Ses souvenirs étaient confus, aujourd’hui encore.
Sergueï était venu vers eux, enjambant les corps étendus sur le
pont. Puis il avait hélé un taxi et les avait fourrés dedans pour
les renvoyer chez eux. Deux semaines s’étaient écoulées depuis ce
moment-là, et elle ne l’avait plus revu.
O.P. lui avait raconté ce qu’il avait appris — la
confrontation avec les hommes du Silence et les deux cadavres
qu’elle était parvenue à identifier. L'assistant d’André, et cette
femme qu’elle avait rencontrée au café. Un ennemi et une alliée
malgré elle.
Elle avait laissé un message sur le répondeur de
Sergueï, ce jour-là, mais il n’avait jamais rappelé. Elle savait
juste qu’il avait envoyé un rapport au Quad — ou à ce qu’il en
restait. Bart avait les deux jambes dans le plâtre et une minerve
autour du cou. Susan commençait tout juste à récupérer de ses
brûlures au second degré. Beyl avait reçu une décharge de Courant
dans les poumons — elle était morte la nuit suivante, entourée de
ce troupeau qu’elle avait guidé durant tant d’années. Le doux
motard, Rick, avait été
emporté par une overdose de Courant. Michaela était plongée dans un
coma profond dont personne ne savait si elle sortirait un jour.
Wren était trop épuisée pour pleurer.
Trop de morts. Trop de deuil.
Elle n’avait même pas la force de faire le deuil
de Sergueï, de ce qui s’était brisé entre eux. C'était leur faute à
tous deux. Elle espérait seulement qu’il se montrerait raisonnable,
qu’il ne jouerait pas avec sa vie, sa santé — qu’il saurait
maîtriser sa « toxicomanie ».
Plus personne ne faisait confiance aux Profanes.

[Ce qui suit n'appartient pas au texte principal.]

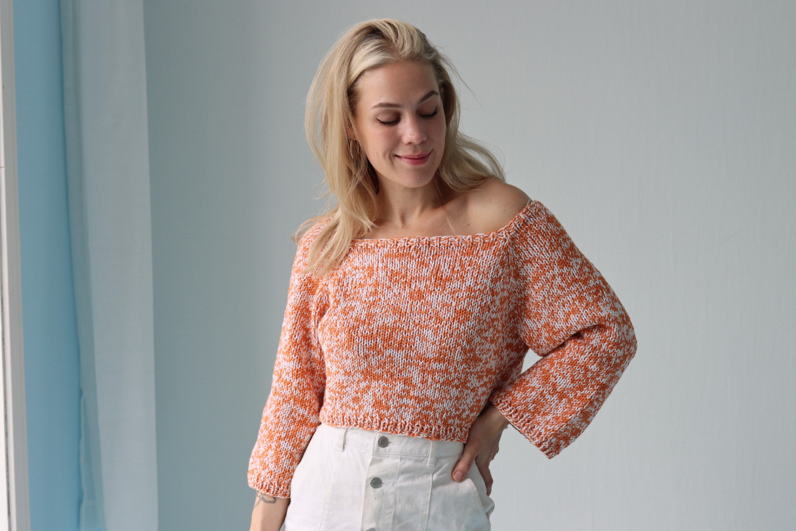 This sweater is worked top down with double thread Cotton Merino in two different colors for a blending effect. Work the sweater to your preferred length, or work it as explained here for a cropped version.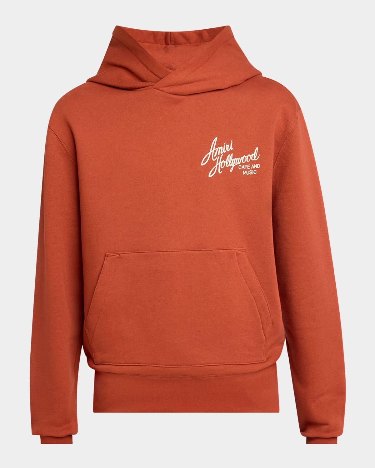 Amiri sweatshirt crafted from soft cotton terry Graphic Amiri Hollywood print on back Hooded neckline Kangaroo pocket Dropped shoulders Long sleeves Banded cuffs and hem Pullover style Cotton Dry clean Made in Italy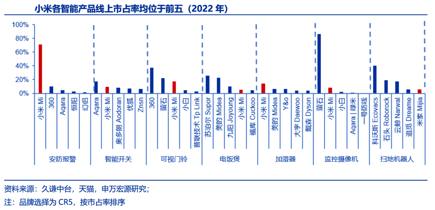 经典案例:根据小米商城、申万宏源研究等综合资讯表明,结合IDC 智能家居数据,2022Q1 小米智能家居出货量市场份额达到 18%,远超其他企业。截至 2022 年 12 月,小米共投资 420 家企业,绿米、云米、石头科技等均为具有代表性的智能家居生态链企业;AIoT 连接设备数达到 5.89 亿,同比 +35.8%,米家 APP 的月活跃用户数同比+18.6%至 7580 万,在我国乃至全球市场均处于 领先地位。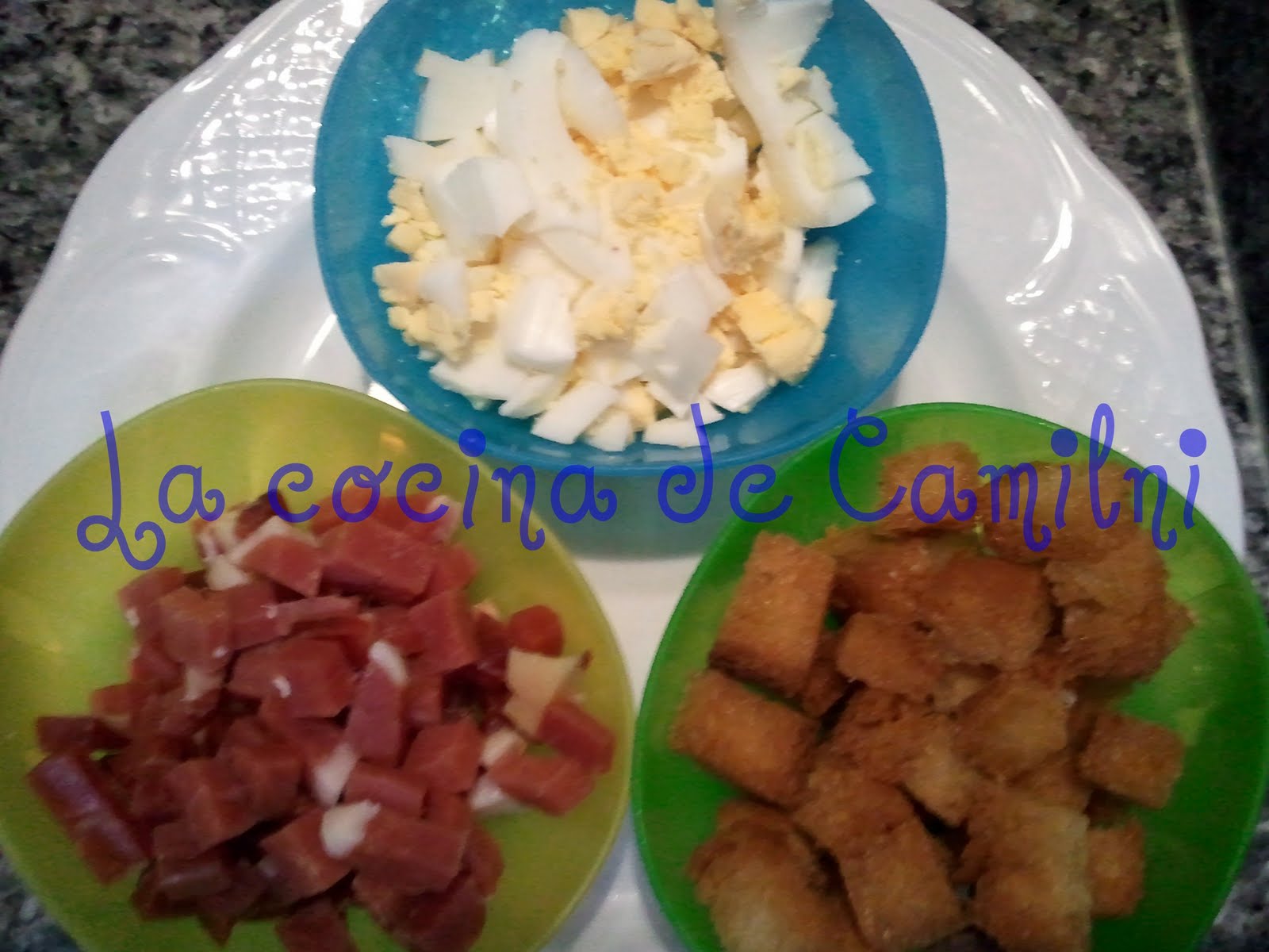 Podemos echarle al plato, huevo duro picaditos con taquitos de jamón y picatoste con sabor a ajo y perejil o sin sabor, y se le llama sopa de picadillo, cuando le echamos estos ingredientes, o sino los picatostes lo podemos hacer en casa, como yo he hecho, cogemos una telera de pan y cortamos en daditos los moldes, para 4 personas, dos moldes y luego lo echamos en el aceite que estara caliente, hasta que esten doraditos, los sacamos y les ponemos al plato un papel absorbente, para escurrir el aceite de los picatostes.

Ni au Silence ou à ses agents. Ce qu’ils avaient fait subir aux «
enfants perdus », à ces Talents qu’ils avaient transformés en
monstres, était impardonnable.
Pendant les longues nuits où elle restait allongée
dans la pénombre, Wren regardait le jeu de reflets sur le médaillon
doré qu’elle avait accroché au-dessus du miroir, dans la chambre.
Et se demandait où avait disparu son innocence.

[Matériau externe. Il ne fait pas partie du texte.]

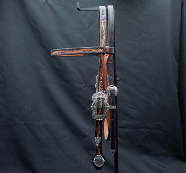 Black and Brown Floral Carved Browband Headstall.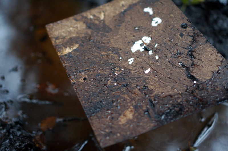 Dans la forêt entre Gunstett et Surbourg, guidés par Pascale, médiatrice du Musée du Pétrole, nous sommes un groupe à découvrir une résurgence. C’est l’automne, les feuilles des chênes sont de plus en plus imprégnées de pétrole brut, noir et huileux, vers le centre de la résurgence. L’odeur est forte. Tout autour, les arbres sont maculés jusqu’à un mètre de hauteur. Une ligne d’horizon se forme, celle des corps des sangliers qui s’imprègnent puis se frottent.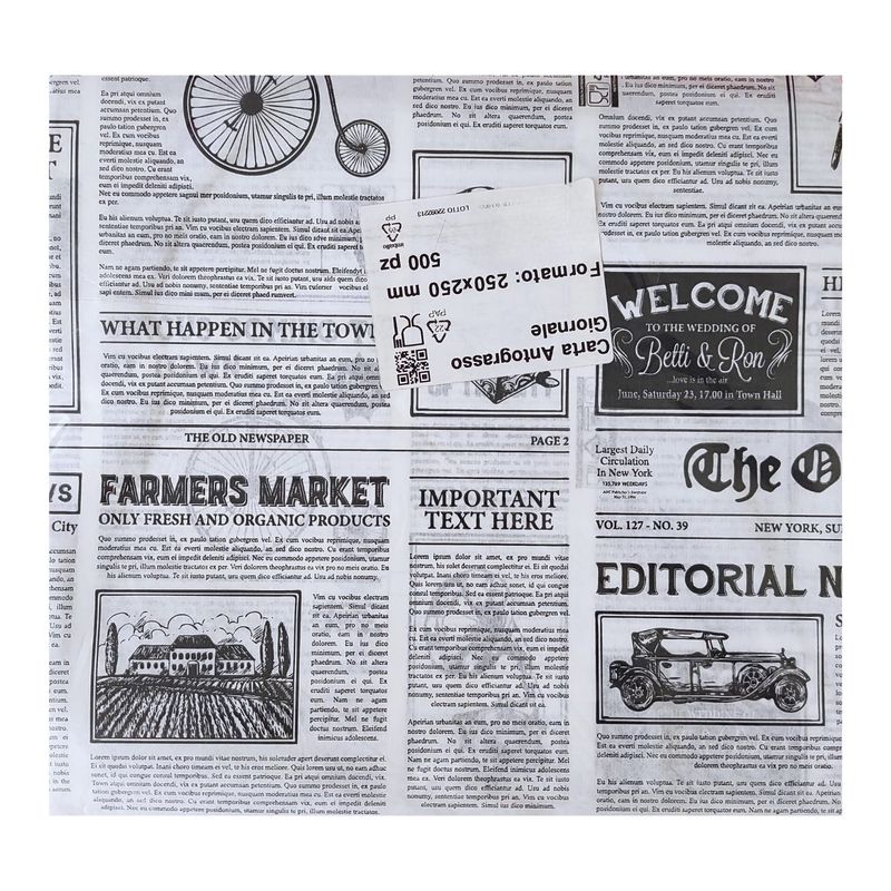 Hartie ambalare alimente rezistenta la grasimi, alba, print ziar, 40g, 500 coli/pachet, Neste®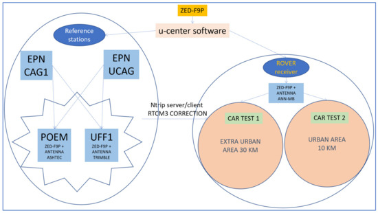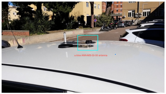 The rover receiver was placed on the car roof firmly locked with a magnetic mount and was provided with a metal plate at the base of the u-blox antenna (Figure 7). The antenna cable arrived inside the car where the ZED-F9P was housed and connected via the USB port to a Win10 pc/tablet, where the u-center software was running. The rover was set to acquire satellites with a cutoff of 10°. A wireless connection to a popular telephonic company provided the internet link. Using the Ntrip client integrated in the u-center software, we connected it to the Ntrip server.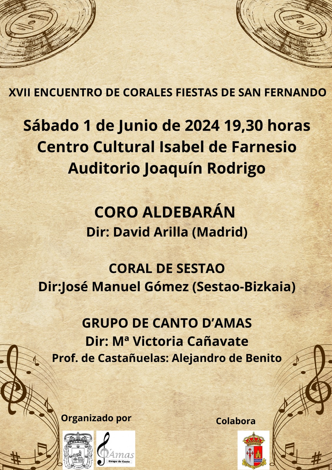 XVII ENCUENTRO DE CORALES DE ARANJUEZ FIESTAS DE SAN FERNANDO CORO ALDEBARÁN Dir. David Arilla (Madrid) CORAL DE SESTAO Dir. José Manuel Gómez (Sestao-Bizkaia) GRUPO DE CANTO D’AMAS (ARANJUEZ) Dir. M.ª Victoria Cañavate. Prof. de castañuelas: Alejandro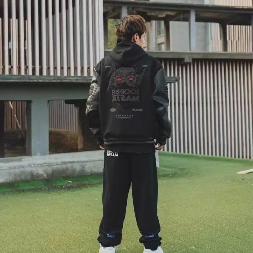 Унисекс ретро-куртка для бейсбола High-Street Cotton: Модный, свободный крой, с длинными рукавами для осени и зимы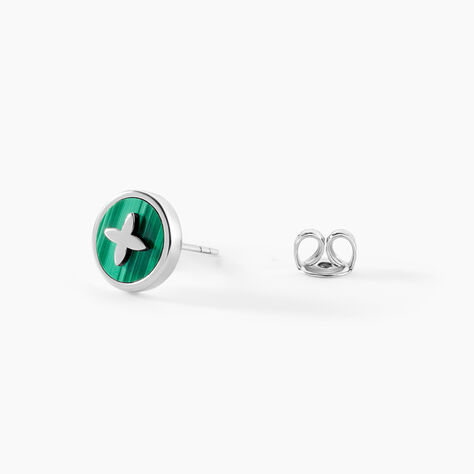 Boucles D'Oreilles Puces Talismania Argent Blanc Malachite

On était en février. Ses blessures guérissaient
doucement — mais pas ses plaies intérieures. Délicatement, elle en
effleura une, indifférente à la douleur qu’elle provoquait, comme
si c’était une autre qui souffrait.
Elle avait acheté un tapis et un canapé. Elle
avait fait encadrer et avait accroché des photos de sa mère et de
sa grand-mère. Elle avait laissé les rideaux fermés pour pouvoir se
reposer dans la journée, pendant qu'O.P. remplissait son
frigo.
— Quand est-ce que tu as dormi pour la dernière
fois ? finit par lui demander O.P.
— Je dors chaque nuit.
Mal et peu. Elle aurait pu prendre des cachets,
mais elle préférait cet état de somnambulisme que créait
l’épuisement.
— Ce n’est pas fini, tu sais.
Ils étaient assis sur le nouveau canapé et
savouraient un poulet kung pao de chez Noodles. Deux cookies
étaient posés sur la table basse — une autre acquisition
récente.
— Rien n’est… fini, déclara-t-elle.
— Je sais, dit O.P.
Depuis ce matin affreux où ils étaient rentrés en
chancelant, il s’était occupé d’elle. Il l’avait traitée comme si
elle était de verre soufflé, ce qui lui avait donné envie de crier.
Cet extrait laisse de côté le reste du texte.